Yuzna isn't one to shy away from a bad taste idea, however disturbing, and in Bride of Re-Animator increasingly bizarre surgical experimentation is free to come to the screen however off the wall the idea. From twitching feet, to bat wings sown to a head, to a finger and eye-ball homage to every great disembodied hand since Thing, watching for each new increasingly unfettered experimental monstrosity is as much a part of the experience as the story. Also for the most part they're all perfectly realised, given the low budget, with enough sinew and blood to cover the cracks; and though not perfect; it's eighties, it's b-movie and cracks are all part of the charm.
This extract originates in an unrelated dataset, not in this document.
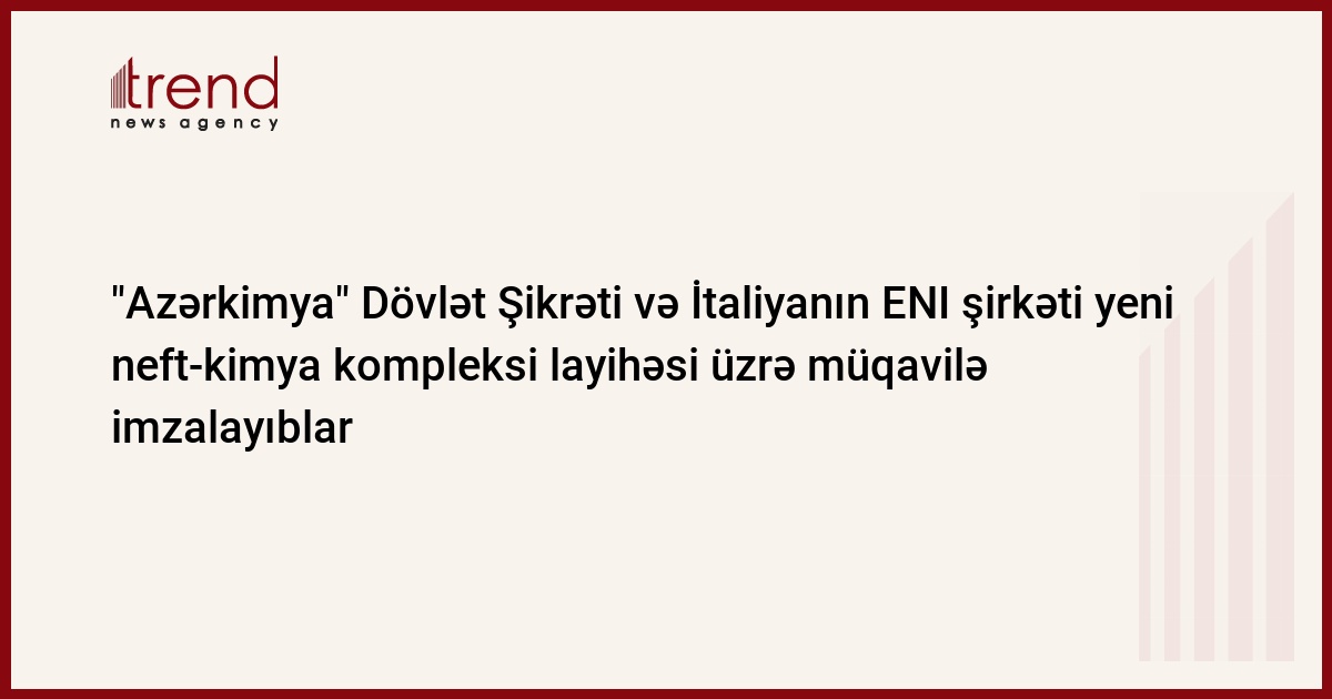 2009-cu il sentyabrın 29-da Fransanın Paris şəhərində "Azərkimya" Dövlət Şirkəti ilə İtaliyanın "ENI" (SNAMPROGETTI) şirkəti arasında Azərbaycanda yeni neft-kimya və gübrə istehsalı kompleksinin tikilməsi layihəsi üzrə "Qarşılıqlı Anlaşma Memorandumu" və "Məxfilik haqqında Saziş" imzalanıb.

I'd be hard pressed to describe West's creations as zombies in any traditional or even contemporary sense. If anything these Frankenstein's meat slabs intimate of life returned; of consciousness, id, ego and will all back alongside breath and a heart-beat. It's b-movie mumbo jumbo of course; of primordial ooze extracted from the amniotic sac of the cuzco iguana and stuff about consciousness not residing in the brain but any of the tissue but the short of it West has found a way of reanimating flesh; the rest doesn't have to make much sense. There is enough ambiguity, and some of West's lesser successes, and remnants from the first film, certainly appear zombie with decay, mindless behaviour with hints of hunger and violence, and towards the end of the film appearing to be controlled by the will of another, all in good old pre-Romero Caribbean style. I'd also be hard pressed to say any of West's returnees are exactly corpus-mentis.

If I was to nit-pick, it could be argued the story is a little disjointed; more a mash-up of sub-narratives and ideas that happen to overlap rather than a grand singular story. It's also under critique rather light on substance with many of the more excessive and memorable scenes rather throwaway and unnecessary from a narrative point of view; included, the b-movie aficionado would argue for the shits and giggles, but for the cynic, perhaps to fill and because gore always sells. Still, they do fit with the insanity and as said they're really just as integral a part of the whole experience as the increasingly incredulous plot. Bride is another riotous Re-Animator chapter allowing both Coombs and the supporting ensemble to shine. With a lively, whimsical sound track and good pacing, it's perfect goofy, excessive and shocking b-movie entertainment, and this new Arrow Blu-ray release; packed with every extra you could hope for, does everything it can to bring it to life - 7/10.